Let’s break it down and explore the fascinating science that keeps every flight smooth, stable, and sky-high.
Why do airplanes fly? Understanding the physics of flight
To understand how an airplane stays in the air, it helps to look at the physics behind flight—specifically, the forces acting on the wings and the airframe. Four basic forces work together to let an aircraft move forward and “float” in the sky: lift, weight, thrust, and drag.
The Four Forces of Flight
Drag
Drag is the force that opposes an aircraft’s motion through the air. It acts backward, as though trying to hold the airplane in place. Drag can be influenced by the aircraft’s shape, surface smoothness, and even by the lift produced by the wings. Its effect is to slow the airplane down.
Thrust
Thrust is the forward force generated by an airplane’s engines—either through a propeller or a jet engine. Engines accelerate air backward, creating a reaction force that pushes the aircraft forward. Thrust counters drag and allows the plane to gain speed.
Weight
Weight results from the aircraft’s mass and Earth’s gravitational pull. This downward force must be overcome by lift. Stabilizers on the tail help keep the aircraft level and restore balance after disturbances.
Lift
Lift acts perpendicular to the airflow and is created as air moves over and under the wings. It depends on the plane’s speed and the wing’s angle of attack—the angle between the incoming airflow and the wing. An airplane’s wings, or airfoils, are shaped specifically to maximize lift while minimizing drag.
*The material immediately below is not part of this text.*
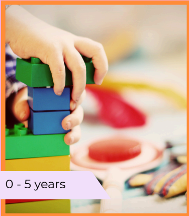
0 - 5 years

In level flight, these forces balance: lift equals weight, and thrust equals drag.
Force in physics
According to Newton’s Second Law, a force equals mass times acceleration (F = ma). Everyday weight is actually the force of gravity acting on your mass—what a scale measures.
For an airplane, weight pulls it downward while the engines produce thrust to move it forward. Newton’s Third Law also comes into play: expelling air backward creates an equal and opposite reaction that pushes the airplane ahead.
As the plane moves, air pushes back on it, producing drag—much like the resistance you feel when you stop paddling in a swimming pool.
Understanding lift
Lift is more complex than thrust, drag, or weight. It is created by the wing’s shape—the airfoil—which features curved surfaces that cause air to move faster over the top than the bottom. Faster airflow above lowers the pressure, creating an upward force.
Engineers use mathematical models, especially those involving circulation, to accurately predict and optimize lift. These models allow the design of airplanes that are safe, efficient, and increasingly fuel-friendly.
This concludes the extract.